Noch eine Weile saßen Linda und Kees
nebeneinander auf der Treppe.
„Eigentlich ist es eine Schande, dass ein so
kluger Kopf wie Jon so enden musste. Das ist so unnötig. Er war ein guter
Mitarbeiter, hatte viele Ideen, hat uns mit seinem computertechnischen Wissen
ungemein weitergebracht. Und dann verrät er uns alle, wegen… wegen einer zu
kleinen Bonuszahlung… Ich meine, es ging ihm wirklich nur ums Geld… Das ist so…

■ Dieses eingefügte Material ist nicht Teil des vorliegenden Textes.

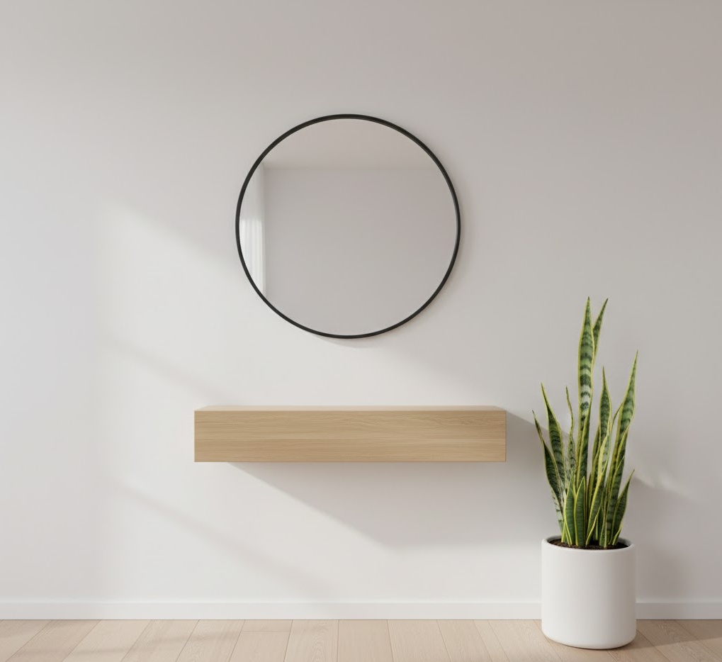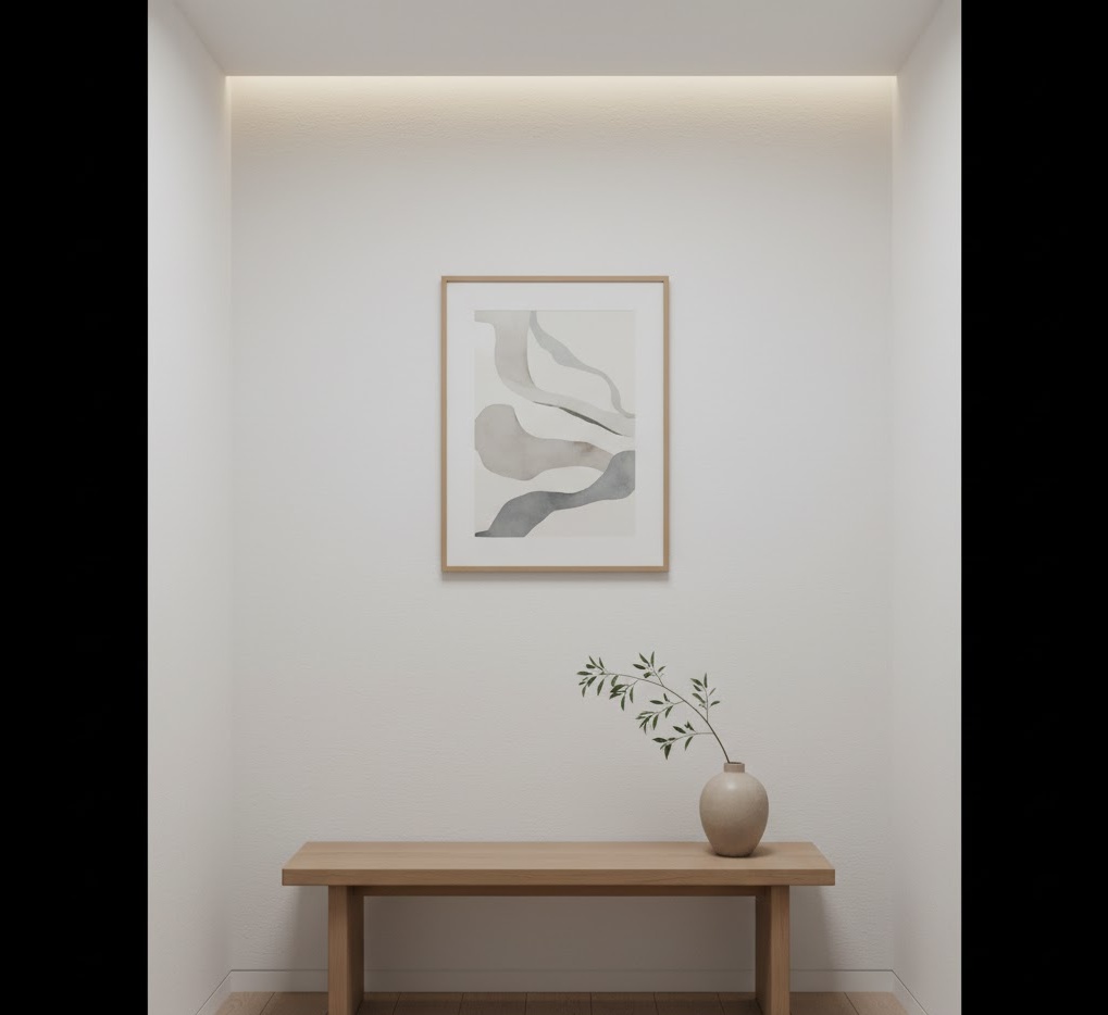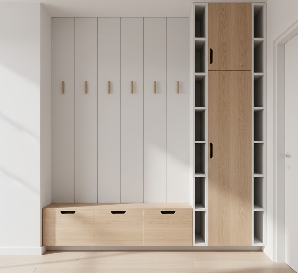 Japandi style, a harmonious blend of Japanese minimalism and Scandinavian warmth, is perfect for small entryway solutions. It emphasises clean lines, natural materials like light oak or ash wood, and a muted colour palette of whites, greys, and soft earthy tones. Functionality is paramount, with simple, uncluttered furniture such as a low wooden bench or floating shelves. Ceramic vases, subtle wall art, and carefully chosen plants add a touch of nature and serenity without overwhelming the space. The mood is tranquil, balanced, and highly functional, creating a peaceful transition into the home.

Geld ist doch nicht alles im Leben“, durchbrach Linda schließlich das Schweigen
hilflos gestikulierend. Bloemberg überlegte kurz.
„Für manch einen offensichtlich doch. Und
dafür ist er über Leichen gegangen“, erwiderte er schließlich nur teilnahmslos
und sah dabei nachdenklich zu Boden, ehe er den Kopf hob und Linda ansah. Sie
machte einen ebenso erschöpften Eindruck wie er selbst. Er hatte für heute
genug von Jon gehört, wenn er in den kommenden Tagen seinen Bericht schreiben
musste, würde dieser Name noch häufig genug fallen.
Kees war einfach froh, dass die Geschichte glimpflich
ausgegangen war. Die Nachricht von Ronald, der mit Schussverletzungen im
Krankenhaus lag, war natürlich bedrückend, trotzdem war er schlicht und einfach
heilfroh, dass sie alle lebend aus der Sache herausgekommen waren. Das war das
Wichtigste. Er lächelte erschöpft, aber glücklich.
Linda Farber war todmüde und wünschte sich
nichts sehnlicher als zu schlafen. Am liebsten die nächsten drei Tage. Wenn
möglich nicht allein. Ihr wärmendes Bett mit der weichen Decke und den großen
Federkopfkissen wartete keine fünf Kilometer von hier. Sobald sie erst einmal
darin läge, würde sie es so schnell nicht mehr verlassen. Ehe es jedoch so weit
war, musste sie sich noch etwas gedulden. Die Tatortsicherung dauerte an und so
lange war es unmöglich, einfach zu verschwinden. Linda schaute in Kees
Bloembergs tiefblaue Augen und hätte sich, in diesem Augenblick tiefer
Erschöpfung, am liebsten ganz einfach darin verloren. Sie empfand tiefe
Dankbarkeit gegenüber dem, meist so distanziert wirkenden, Inspektor der Rotterdamer
Polizei. Er hatte sie gerettet. Kees Bloemberg. Er war ein schwieriger
Charakter voller Ecken und Kanten, das hatte sie in den letzten 24 Stunden zur
Genüge miterlebt, aber unter dieser Schale steckte ein Mann, der sie
faszinierte. Sie spürte, dass dort eine tief sensible Seite in dem so
unerschütterlich wirkenden Inspektor versteckt lag. Eine Seite, die sie gern
näher kennenlernen wollte.
Wärest du nicht gewesen,
säße ich jetzt nicht hier , dachte sie, aber es war nicht allein ein Gefühl tiefer Dankbarkeit
für alles, was Kees für sie getan hatte. Es war ein Gefühl… ein Gefühl, das sie
einfach nicht zu fassen bekam und doch war es da.
Ohne weiter darüber nachdenken zu müssen, tat
sie das, was ihr Bauch oder vielleicht auch ihr Herz ihr sagte. Sie neigte sich
zu dem besonnen dasitzenden Polizisten herüber, legte die Arme um seine
Schultern und drückte sich sanft an ihn.